Ml-pythonHow-ToBeginner · 4 min read

How to Detect Data Drift in Machine Learning Models

To detect data drift, compare the statistical properties of new incoming data with the original training data using tests like Kolmogorov-Smirnov or Chi-Square. Monitoring model input features and output predictions over time helps identify when data changes affect model performance.

📐

Syntax

Data drift detection typically involves these steps:

Collect baseline data: Original training data statistics.
Collect new data: Incoming data to compare.
Choose a statistical test: For example, Kolmogorov-Smirnov for continuous data or Chi-Square for categorical data.
Run the test: Compare distributions to detect significant differences.
Interpret results: A low p-value indicates data drift.

python

from scipy.stats import ks_2samp

# baseline_data and new_data are arrays of feature values
statistic, p_value = ks_2samp(baseline_data, new_data)

if p_value < 0.05:
    print('Data drift detected')
else:
    print('No data drift detected')

💻

Example

This example shows how to detect data drift on a numeric feature using the Kolmogorov-Smirnov test.
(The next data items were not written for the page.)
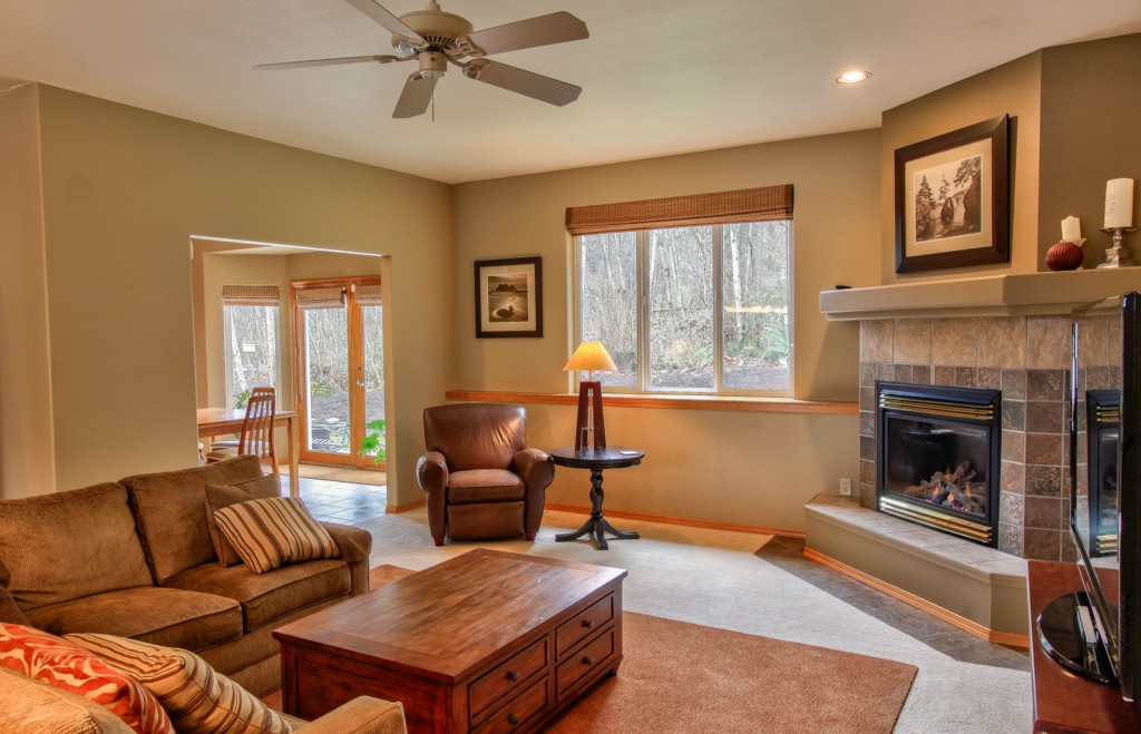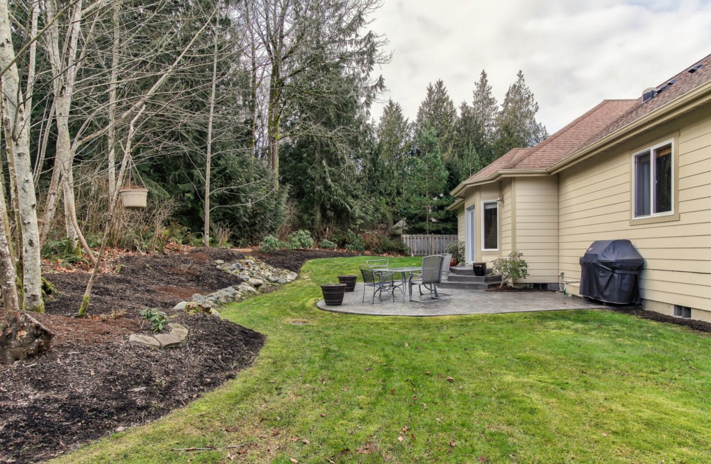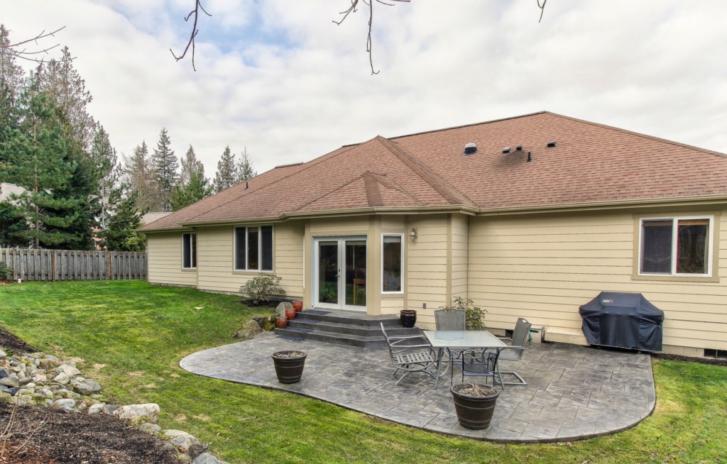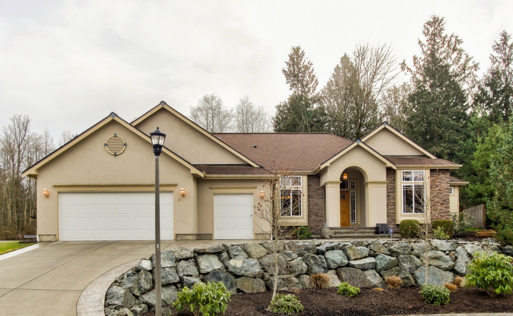 Spacious & elegant rambler in one of NW Washington's premier golf course communities! Open floor plan w/great room, high ceilings, large windows, gas fireplace, jetted tub in master, beautiful ceramic tile, stamped concrete patio and much more- all tastefully appointed. Stucco exterior for ease of maintenance - the house is sited on a corner lot on a quiet dead-end street and backed by a greenbelt. A large 2 car garage w/shop area provides ample storage. Come see this comfortable home!
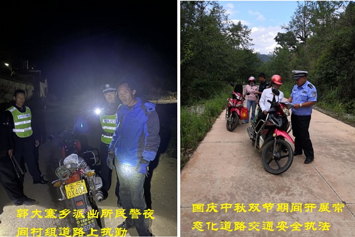 据了解,2020年10月1日全天郭大寨乡派出所出动警力10人次,警用车3辆次,农村地区道路交通安全一盔一带宣传368人次,查验过往车辆共368辆次,共查处各类交通违法2起,其中摩托车无证驾驶1起,未佩戴安全头盔 1起,农交安电动车录入12辆,电动车车主录入12人次,KTV核查消费人员89人次,烧烤店核查人员32人次,宾馆、酒店入住人员核查23人次。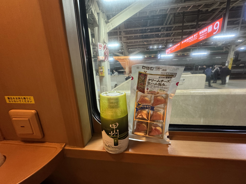 発車まで少し時間があるので、駅構内で晩酌用のお酒とつまみを調達。

It compares the original training data distribution with new incoming data.

python

import numpy as np
from scipy.stats import ks_2samp

# Simulate baseline training data
baseline_data = np.random.normal(loc=0, scale=1, size=1000)

# Simulate new data with drift (shifted mean)
new_data = np.random.normal(loc=0.5, scale=1, size=1000)

# Perform KS test
statistic, p_value = ks_2samp(baseline_data, new_data)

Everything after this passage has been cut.